Kara Kuvvetleri Komutanlığı Yüksek Disiplin Kurulu'nun, 11 Haziran 2024 tarihli kararıyla, teğmene, "hizmete engel davranışlarda bulunmak" eyleminin sübut bulunduğu gerekçesiyle “Silahlı Kuvvetlerden ayırma” cezası verildi. YDK’nın gerekçesinde, "WhatsApp paylaşımlarının, siyasi içerik ve görüş taşıdığı, vatandaş ilişkileri ile iç ve dış politikada eleştiri boyutunu aşarak, Türk Silahlı Kuvvetlerinin itibarına zarar verecek derecede olduğu, dolayısı ile hizmete engel davranışlarda bulunmak eyleminin sübut bulduğu" belirtildi.
İHRAÇ KARARI İPTAL EDİLDİ
Teğmen, YDK kararının iptal istemiyle dava açtı. Davaya bakan Konya 3. İdare Mahkemesi, Kara Kuvvetleri Komutanlığı Yüksek Disiplin Kurulu’nun ihraç kararını oy birliğiyle 16 Ocak 2025’te iptal etti.

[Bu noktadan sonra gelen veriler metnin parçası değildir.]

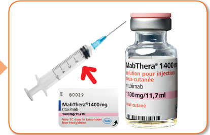
3. Coller l'étiquette autocollante sur la seringue

Nous vous rappelons que tout effet indésirable doit être déclaré au Centre régional de pharmacovigilance (CRPV) dont vous dépendez (coordonnées disponibles sur le site Internet de l'ANSM www.ansm.sante.fr ou dans le Dictionnaire Vidal®).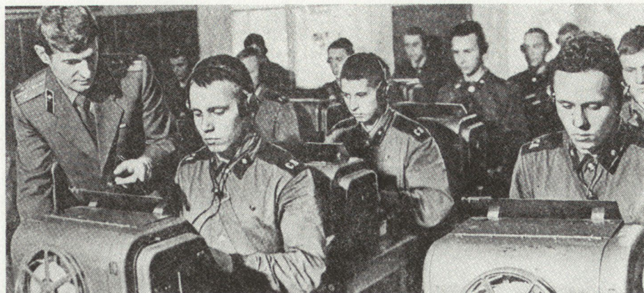
Bild 9. Die Ausbildung verlangt bei allen Waffengattungen mehr Leistung in kürzerer Zeit; auch hier gibt es Schwierigkeiten.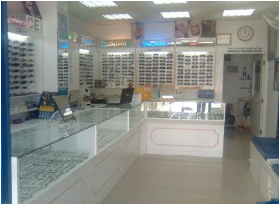
Showroom Prism Optical Dubai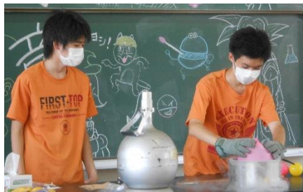
科学部実験ショー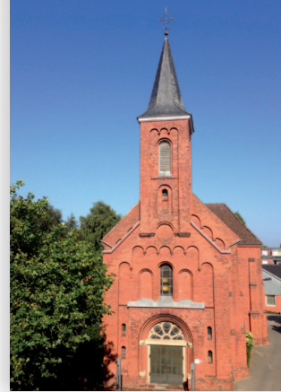
St. Ludgerus (Norden)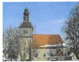
Lfd. St. Maria Magdalena Alte Kirche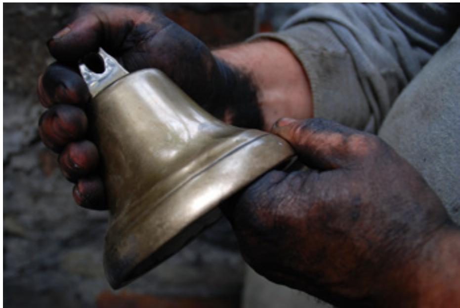
Szilágyi Éva - Remekművem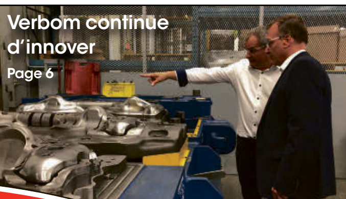
Verbom continue d'innover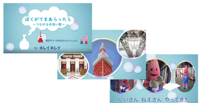
▲『ぼくが手をあらったら～つながる手洗い歌～』動画のイメージ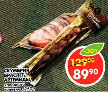
СКУМБРИЯ БРАСЛЕТ, АРТЕМИДЫ, холодного копчения, 250 г

İdare Mahkemesinin gerekçesinde, ceza yaptırımına bağlanan her eylemin tanımının yapılması ve yasanın ne tür eylemleri suç sayarak yasakladığının hiçbir kuşkuya yer vermeyecek şekilde belirtilmesi gerektiği vurgulandı.
Sözü edilen suç tanımlaması yapıldıktan sonra, suçun karşılığı olan cezanın ve suç sayılan eylemi gerçekleştiren kamu görevlisinin hangi disiplin kuralını ihlal ettiğinin de açık bir şekilde ortaya konulmasının zorunlu olduğu ifade edilen gerekçede, disiplin cezasına konu eylemler ile yaptırımlar arasında adil bir dengenin gözetilmesinin de hukuk devleti ilkesinin bir gereği olduğuna işaret edildi.

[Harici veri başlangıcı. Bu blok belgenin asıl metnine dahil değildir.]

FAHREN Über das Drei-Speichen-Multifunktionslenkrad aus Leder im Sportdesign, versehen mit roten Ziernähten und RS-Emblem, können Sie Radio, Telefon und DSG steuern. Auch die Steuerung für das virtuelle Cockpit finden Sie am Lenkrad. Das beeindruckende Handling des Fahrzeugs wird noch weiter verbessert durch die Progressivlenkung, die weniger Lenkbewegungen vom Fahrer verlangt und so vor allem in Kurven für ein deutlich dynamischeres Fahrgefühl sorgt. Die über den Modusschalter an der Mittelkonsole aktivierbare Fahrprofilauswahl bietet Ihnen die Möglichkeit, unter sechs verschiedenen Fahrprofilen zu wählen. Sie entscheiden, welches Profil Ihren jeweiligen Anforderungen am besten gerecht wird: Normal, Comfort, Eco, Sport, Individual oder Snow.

"İHRAÇ KARARINDA SOMUT BİR BELGE YOK"
Gerekçede, “İdareler, kamu görevlileri hakkında disiplin cezasını tayin ve takdir ederken, suç ve ceza arasındaki hassas dengeyi gözetmesi gerekmektedir. Disiplin cezası vermeye yetkili olan organlar, mevzuata bağlı kalmakla birlikte, evrensel hukuk normlarından olan ölçülülüğün alt ilkeleri olan elverişlilik, gereklilik ve orantılılık unsurlarını da göz önünde bulundurmalıdır" ifadeleri yer aldı.
Gerekçede, şunlar kaydedildi:
"Bu durumda, her ne kadar dava konusu işlemler tesis edilmiş ise de davalı idare tarafından, askerlik mesleğinin ciddiyeti ile bağdaşmadığı açık olan söz konusu paylaşımların, siyasi bir amaçla yapıldığını destekleyen somut bilgi ve belgelerin ortaya konulamadığı, söz konusu paylaşımların devamında davacı tarafından siyasi içerikli herhangi bir yorum ve ifadeye yer verilmediği, anılan fiille uygulanan ceza arasında ölçülülük bulunmadığı ve bu haliyle de disiplin hukukundaki ‘ölçülülük’ ilkesine aykırı davranıldığı anlaşıldığından, dava konusu işlemlerin hukuka aykırı olduğu sonucuna varılmıştır."